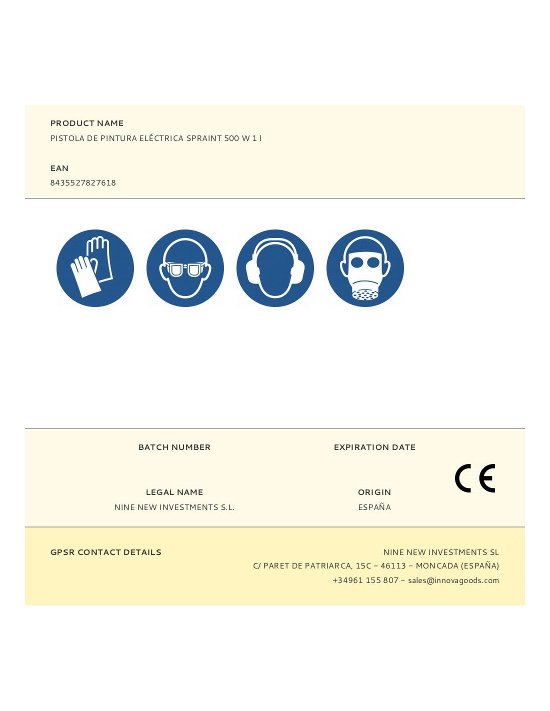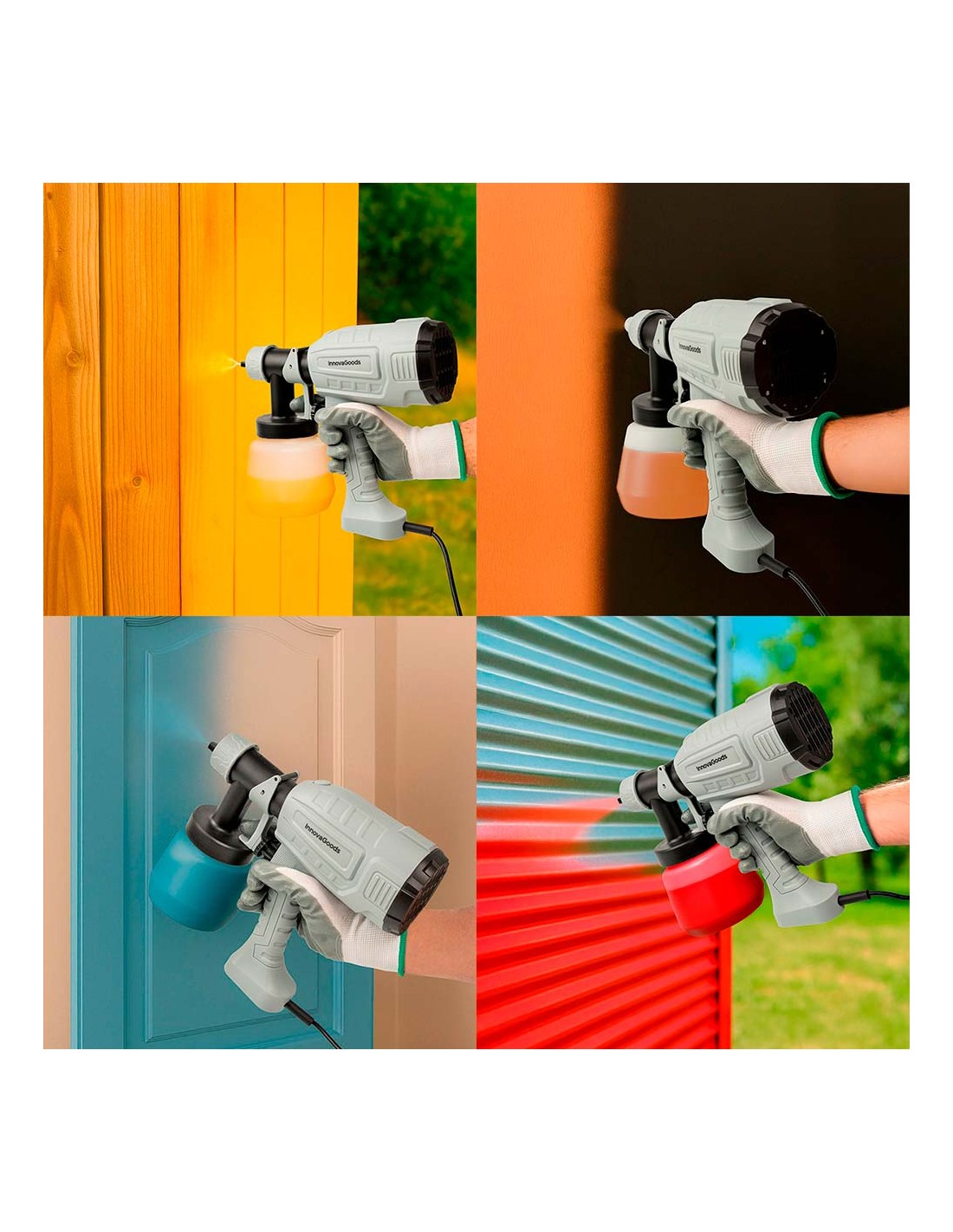 Pistola de pintura eléctrica spraint 500 w, capacidad 1 l, para pintar, lacar y barnizar todo tipo de superficies, contiene 1 pistola de pintura, 1 medidor de viscosidad, 1 aguja de limpieza, 1 cepillo de limpieza, 3 boquillas remplazables y 2 filtros de papel, material polipropileno y polietileno
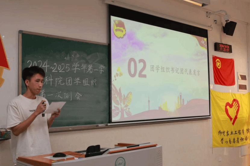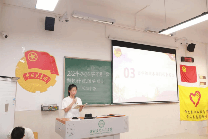 团学组织负责人陈国慧上台发言,介绍三大组织(团委、学生会、青协)合并的原因以及目的,对本月工作进行总结汇报,分析实际工作中存在的问题,并提出针对性的解决方案和近期的工作安排。
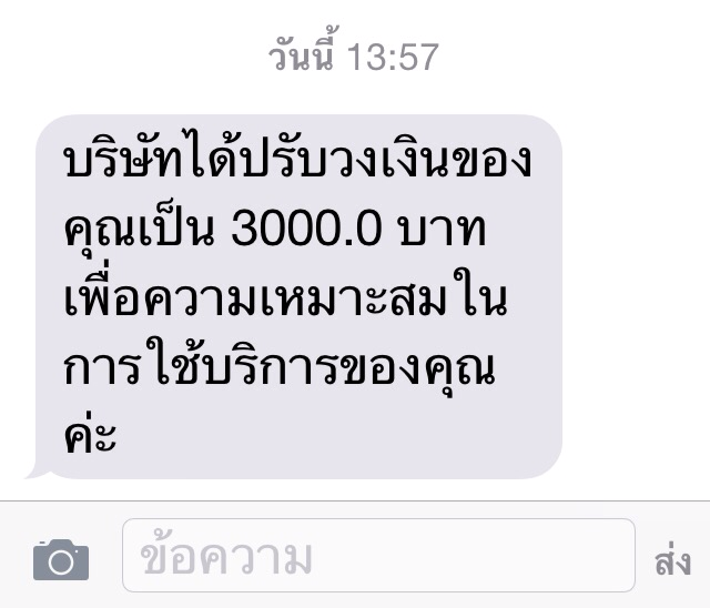 พอดีได้รับ SMS จากทรูแจ้งว่า ปรับวงเงินให้เราเพิ่ม แต่เราเคยแจ้งทางทรูไปหลายครั้งแล้วว่าเราอยากจะใช้วงเงินเดิม ทางคอลเซ็นเตอร์แจ้งว่าถ้าเราใช้ไม่ถึงวงเงินก็ไม่มีผลกับเรา แต่ครั้งนั้นก็แจ้งไปละค่ะว่าต้องการวงเงินเท่าเดิม วันนี้ดันมีSMS เข้ามาแบบนี้อีกละค่ะ เพลีย
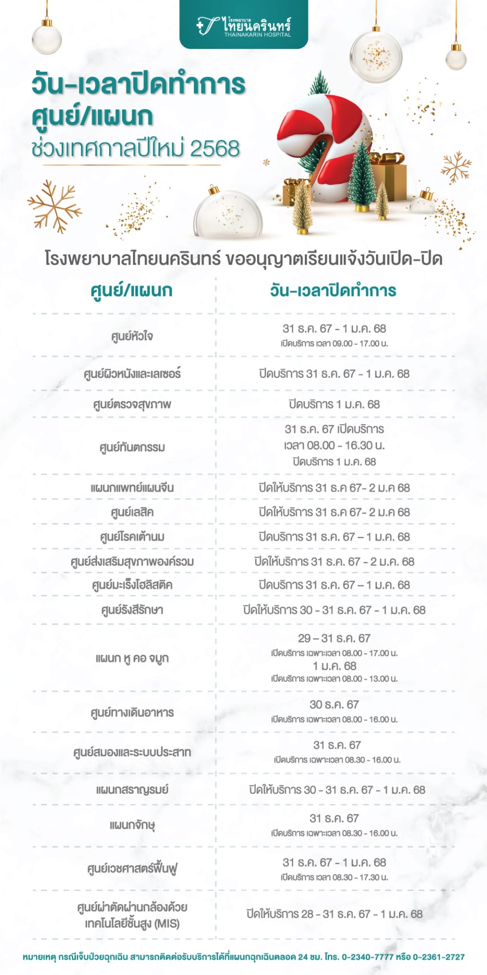 โรงพยาบาลไทยนครินทร์ ขออนุญาตเรียนแจ้งวัน ‘เปิด-ปิด’ บริการของศูนย์/แผนกต่างๆ ในช่วงเทศกาลปีใหม่ 2568
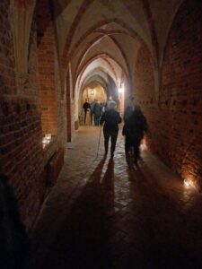 We werden welkom geheten in het klooster door monniken in hun traditionele habijt en liepen door de gangen langs het lichtjesspoor naar de kerkzaal. Toen we het zingen alleen nog maar hoorden liepen de tranen mij al over de wangen; die zaten natuurlijk nog los na deze emotionele week.
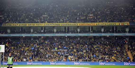 Fenerbahçeli taraftarlar, açtıkları pankartlarla Galatasaray'a göndermelerde bulundu. Sarı-lacivertli taraftarların, özellikle Maraton Tribünü'nde açtıkları "Hakim: Yaz kızım 2010-2011 şampiyonu Fenerbahçe, sekizincisi 6alatasaray...Nokta" yazılı pankart dikkati çekti. Bu pankartın altında ise taraftarlar ellerindeki kartonları kaldırarak "Game Over (Oyun Bitti)" koreografisini oluşturdu.
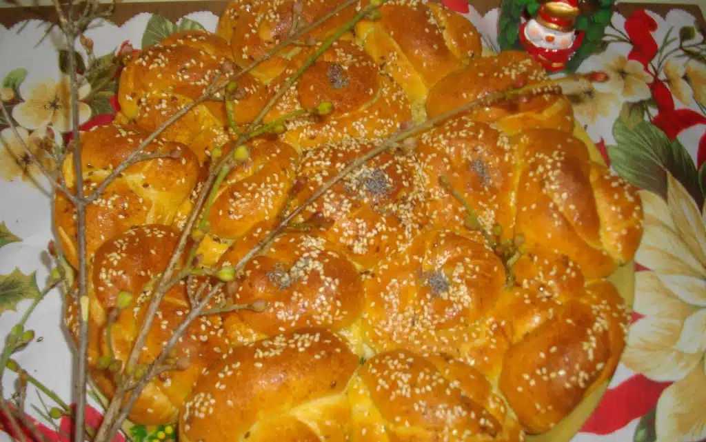 Останалото се нарязва на триъгълници, които се нареждат по края на тавата едно с връх навън, едно с връх навътре. Намазваме с разбит с малко олио жълтък. Печем в загрята фурна на 170 градуса 40 минути до златиста коричка. Изважда се, намазваме с краве масло и покриваме с кърпа да омекне.
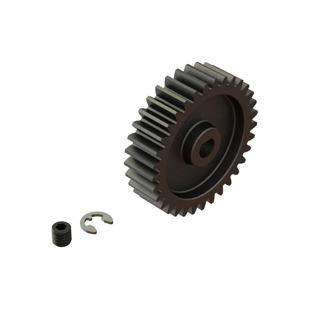 Arrma acél fogaskerék 33 fog, M1 modul, Safe-D5 furat. A "D" alakú furat megfelel egy 5 mm-es tengelyű motortengely profiljának, melyen egy kulcsos horony van, ezért a fogaskerék nem foroghat a tengelyen. Beállítócsavar - M4 x 4mm, 3,2mm-es távtartó. Precíziós, széles fogazású profil a sima futás érdekében.
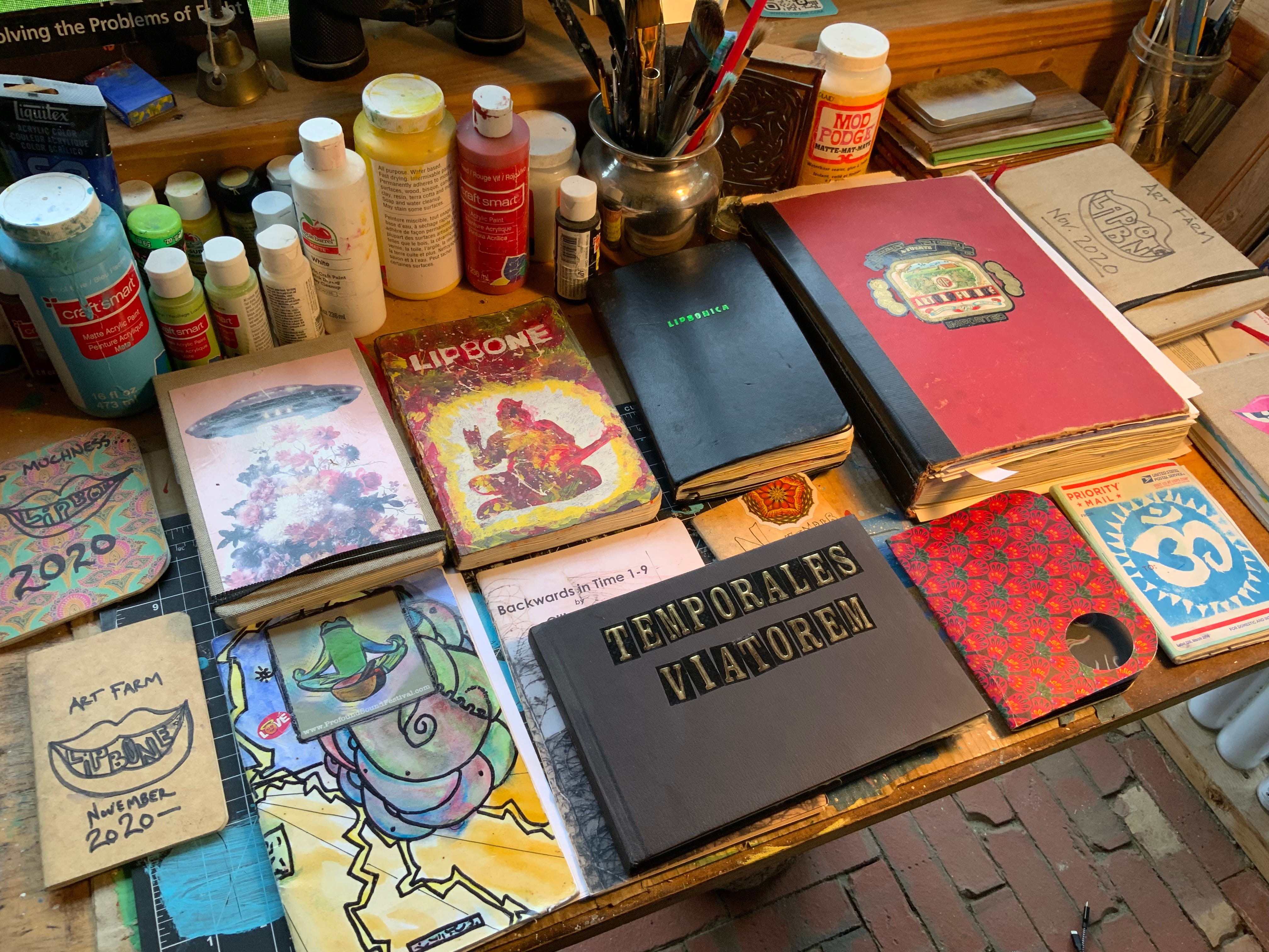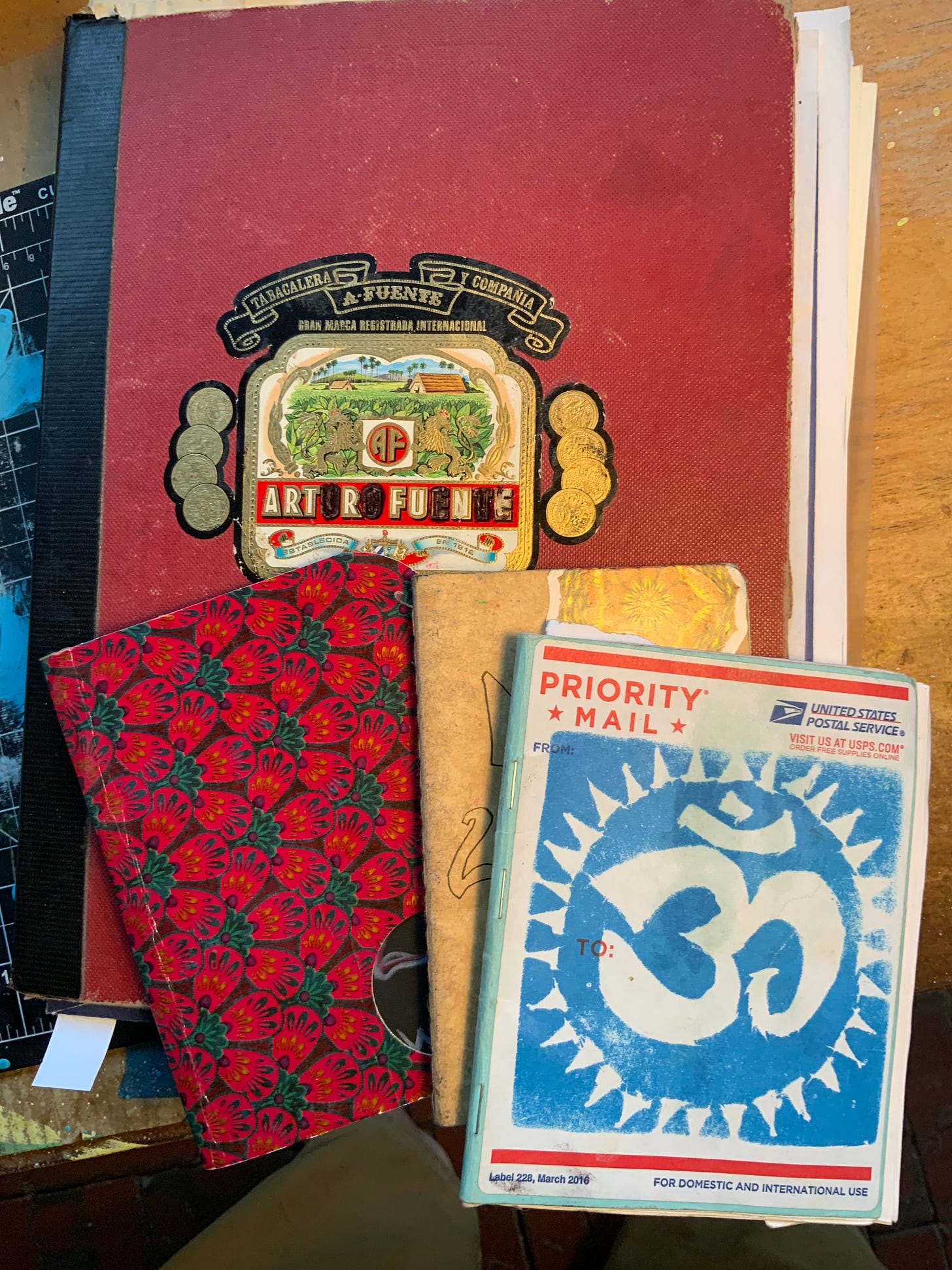 I generally tend to have a variety of notebooks open and going at once. One type of small notebook is for ideas, and another type, I make from scrap paper, and those are usually for lists. I almost always have a mothership notebook in process, for dedicated exploration of ideas. These can take years to fill up. The mothership books are a bit larger, and have a more permanent feel, but can still travel well in a backpack or guitar case.
# # # # #
### ACTIVITY
Copy the records above exactly, leaving out every picture.

### EXERCISE OUTPUT
 Pistola de pintura eléctrica spraint 500 w, capacidad 1 l, para pintar, lacar y barnizar todo tipo de superficies, contiene 1 pistola de pintura, 1 medidor de viscosidad, 1 aguja de limpieza, 1 cepillo de limpieza, 3 boquillas remplazables y 2 filtros de papel, material polipropileno y polietileno
 团学组织负责人陈国慧上台发言,介绍三大组织(团委、学生会、青协)合并的原因以及目的,对本月工作进行总结汇报,分析实际工作中存在的问题,并提出针对性的解决方案和近期的工作安排。
 พอดีได้รับ SMS จากทรูแจ้งว่า ปรับวงเงินให้เราเพิ่ม แต่เราเคยแจ้งทางทรูไปหลายครั้งแล้วว่าเราอยากจะใช้วงเงินเดิม ทางคอลเซ็นเตอร์แจ้งว่าถ้าเราใช้ไม่ถึงวงเงินก็ไม่มีผลกับเรา แต่ครั้งนั้นก็แจ้งไปละค่ะว่าต้องการวงเงินเท่าเดิม วันนี้ดันมีSMS เข้ามาแบบนี้อีกละค่ะ เพลีย
 โรงพยาบาลไทยนครินทร์ ขออนุญาตเรียนแจ้งวัน ‘เปิด-ปิด’ บริการของศูนย์/แผนกต่างๆ ในช่วงเทศกาลปีใหม่ 2568
 We werden welkom geheten in het klooster door monniken in hun traditionele habijt en liepen door de gangen langs het lichtjesspoor naar de kerkzaal. Toen we het zingen alleen nog maar hoorden liepen de tranen mij al over de wangen; die zaten natuurlijk nog los na deze emotionele week.
 Fenerbahçeli taraftarlar, açtıkları pankartlarla Galatasaray'a göndermelerde bulundu. Sarı-lacivertli taraftarların, özellikle Maraton Tribünü'nde açtıkları "Hakim: Yaz kızım 2010-2011 şampiyonu Fenerbahçe, sekizincisi 6alatasaray...Nokta" yazılı pankart dikkati çekti. Bu pankartın altında ise taraftarlar ellerindeki kartonları kaldırarak "Game Over (Oyun Bitti)" koreografisini oluşturdu.
 Останалото се нарязва на триъгълници, които се нареждат по края на тавата едно с връх навън, едно с връх навътре. Намазваме с разбит с малко олио жълтък. Печем в загрята фурна на 170 градуса 40 минути до златиста коричка. Изважда се, намазваме с краве масло и покриваме с кърпа да омекне.
 Arrma acél fogaskerék 33 fog, M1 modul, Safe-D5 furat. A "D" alakú furat megfelel egy 5 mm-es tengelyű motortengely profiljának, melyen egy kulcsos horony van, ezért a fogaskerék nem foroghat a tengelyen. Beállítócsavar - M4 x 4mm, 3,2mm-es távtartó. Precíziós, széles fogazású profil a sima futás érdekében.
 I generally tend to have a variety of notebooks open and going at once. One type of small notebook is for ideas, and another type, I make from scrap paper, and those are usually for lists. I almost always have a mothership notebook in process, for dedicated exploration of ideas. These can take years to fill up. The mothership books are a bit larger, and have a more permanent feel, but can still travel well in a backpack or guitar case.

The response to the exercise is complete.